[Records from a data collection]
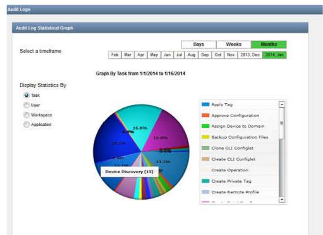
Figure 3: Audit Log
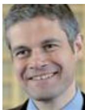
Laurent Wauquiez Minister for Higher Education and Research
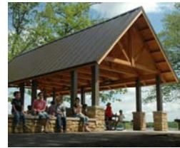
Big Marine Park Reserve Washington County
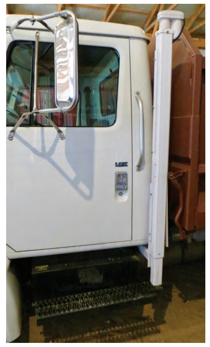
Figure 13. Ball-screw drive sideboard access lift mounted on a grain truck.

demands and offered the fail-safe benefit of preventing freefall if a malfunction occurred (Figure 13). However, with the ball-screw, issues developed relative to collected residue on the drive components, and the speed of operation was slower than users desired. Thus, ball-screw access lifts were (and still are) typically limited to light-duty designs.
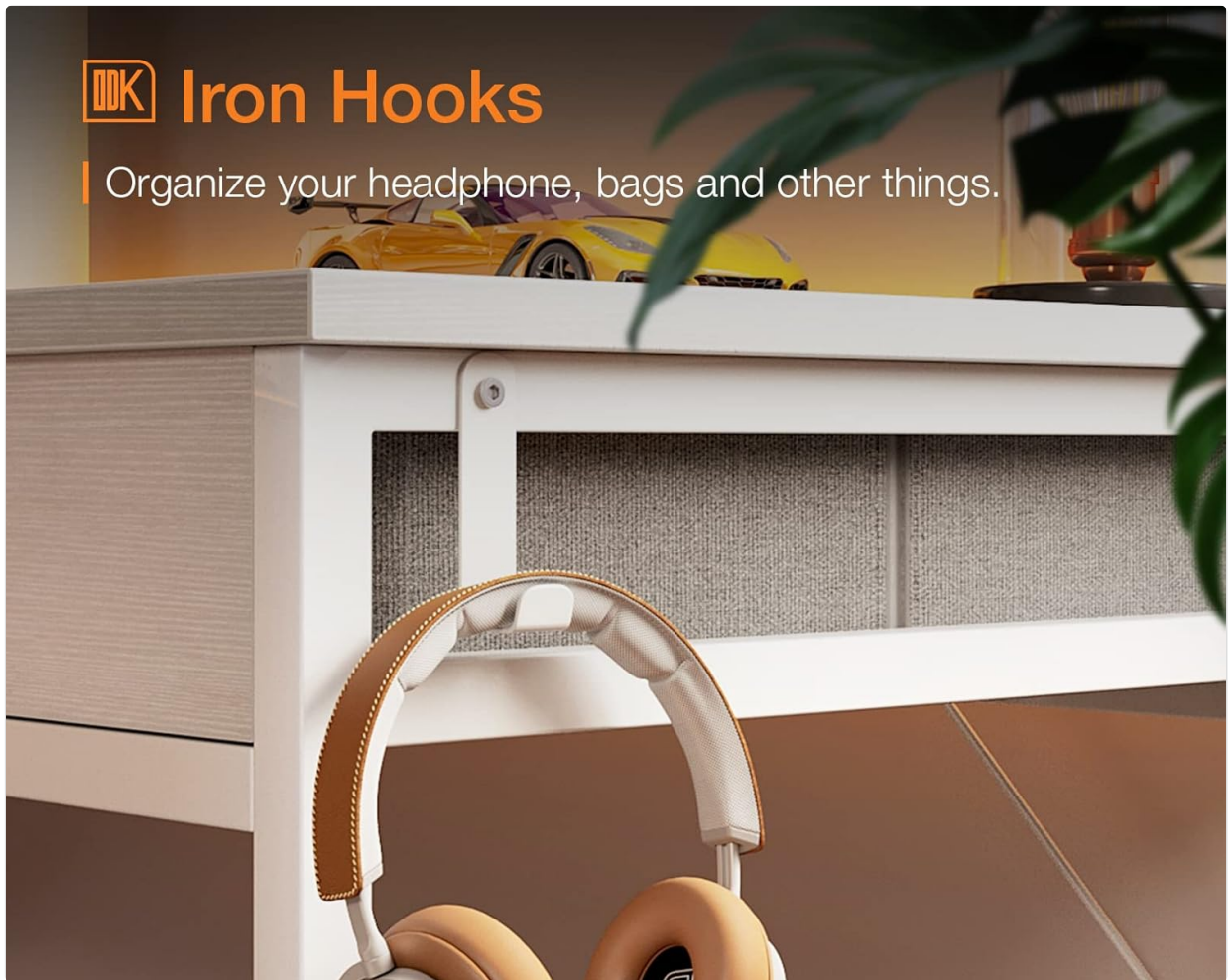
Figure 5: Integrated iron hook for convenient storage.
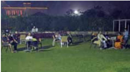
Enjoying the fireworks display in the lawns of Gardenia

To bring in Diwali with a bang, a 'Fire & Cracker' show took place on October 25 in the lush greens of Gardenia. A great way to enjoy Diwali festivities amongst friends!
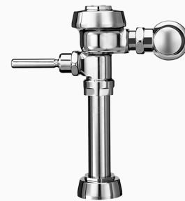
Variation Not Shown: Trap Primer
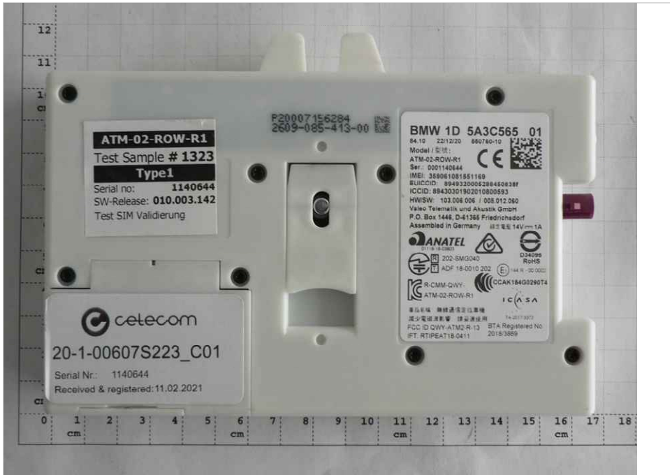
Photograph 1: EUT 1_Top view
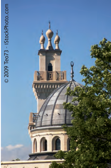
The Oxford minaret.

Paris Mosque: under the tutelage of the Algerian state, a traditional style that emulates principles in effect in the former French colony.
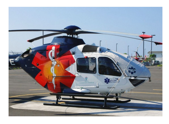
Eurocopter EC-135 Windshield/Skylight Cover
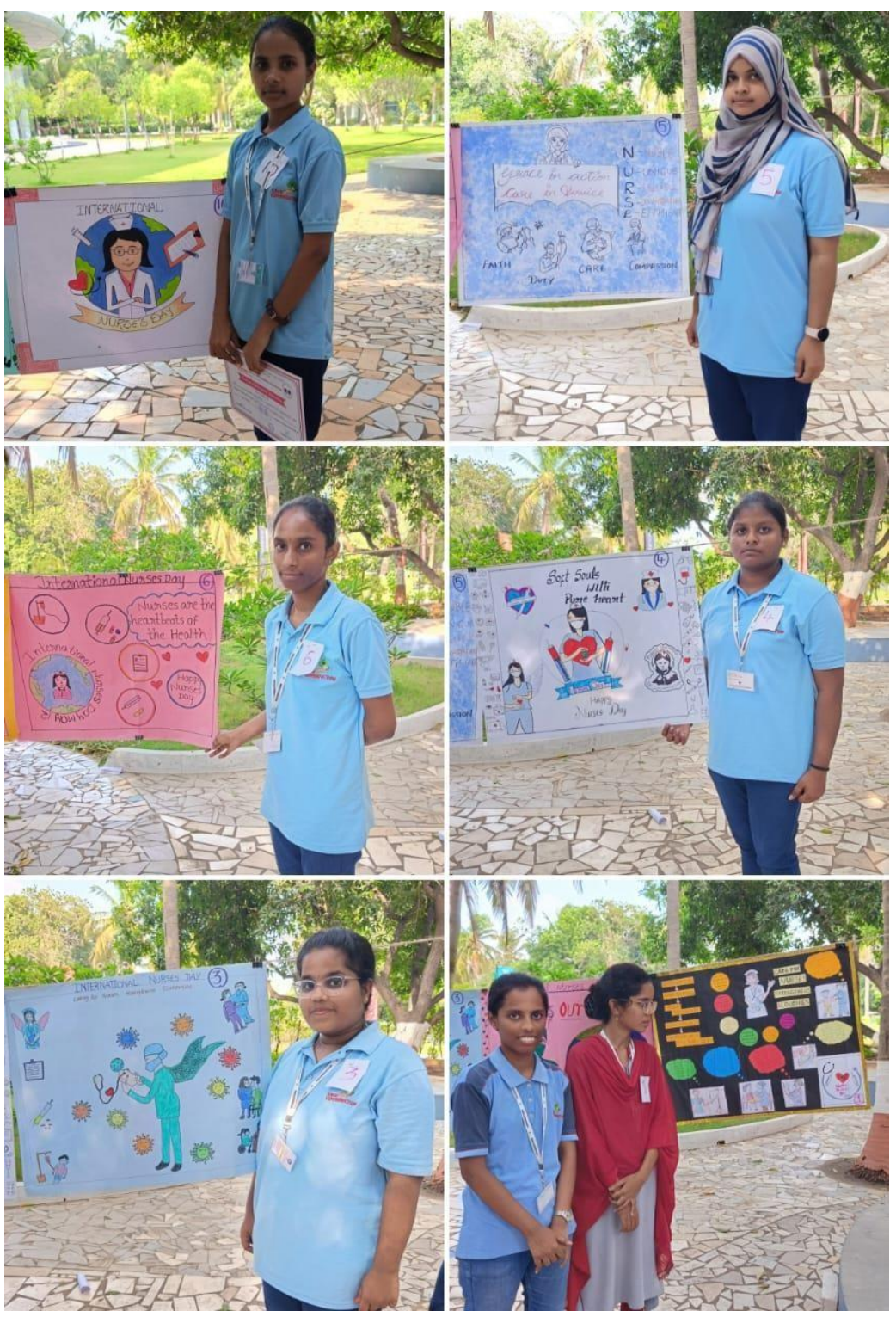
Students along with their posters

◆ Exercise instructions:
Up to and including the line with "Figure 13. Ball-screw", repeat every line from the top of the entries exactly, but not the pictures.

◆ Task answer:
Figure 3: Audit Log
Laurent Wauquiez Minister for Higher Education and Research
Big Marine Park Reserve Washington County
Figure 13. Ball-screw drive sideboard access lift mounted on a grain truck.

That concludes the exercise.